How to say nothing with a large vocabulary.
Thursday, 18 February 2010
Dry mouth.
I've got a constant dry-mouth. It's fucking annoying. It's these fucking drugs the doctor has proscribed. They stop a bunch of glands from doing anything, and evidently that includes producing saliva. I'm getting through around a litre of water an hour -- which means I'm going to the toilet about twice an hour as well. I'm like a shitty fountain in a pleb's garden or something. I hate that something which is meant to help you is actually the worst kind of hindrance. Apparently they're not even going to take effect for about a week: so in the meantime I have to put up with horrendous dry-mouth, and purely criminal nightmares almost every night. It's really horrible to go to bed as an insomniac knowing that the rare few hours of sleep you can snatch are going to be full of lurid visions of things you really don't want to think about.

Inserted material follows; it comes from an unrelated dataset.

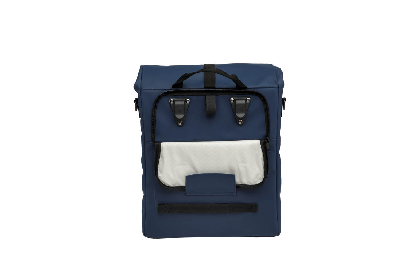 Een stoere, praktische en extra stevige enkele fietstas en schoudertas - ook voor op de e-bike! Dat is deze donkerblauwe single fietstas uit de lijn 'Odense' van New Looxs. De Odense Single heeft een mooie mix van praktische eigenschappen en een stoer, stads uiterlijk (urban). Inhoud: 17,5 liter. Ideaal voor woon-werkverkeer en woon-schoolverkeer. Op de gewone fiets of op de elektrische fiets!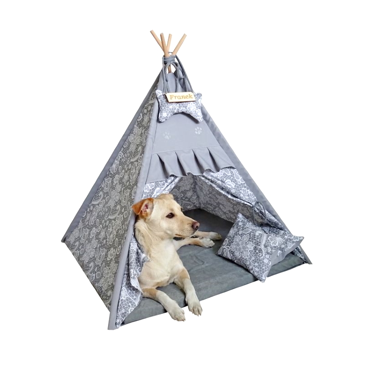 puudust nö katusest peakohal. Tipi telgid on selleks “ilus” lahendus. Hall pitsiline kangamuster lisab kodusesse interjööri romantilisust.

I'm really not a fan of these physical side-effects. So just because physically I'm already falling apart I have decided to quit nicotine as of 2.30pm tomorrow afternoon. I am going to get me some patches, and an inhalator, and whatever else they'll give me and then I'm going to do my best to just... not smoke. Sick and tired of it, and clearly that's not going to be helping a fucking sand-mouth. That's a good metaphor right there: I'm simply chewing through a bucket of sand every hour, which is then re-worn into glass whilst inside me, before it attempts to squeeze itself out of my urethra or ringpiece. Seriously, I'm gonna look like a fucking flamed tapestry by the end of this week. A ravaged patchwork of decimation; a dead man strolling gently through my gums. MASTICATE. I wish.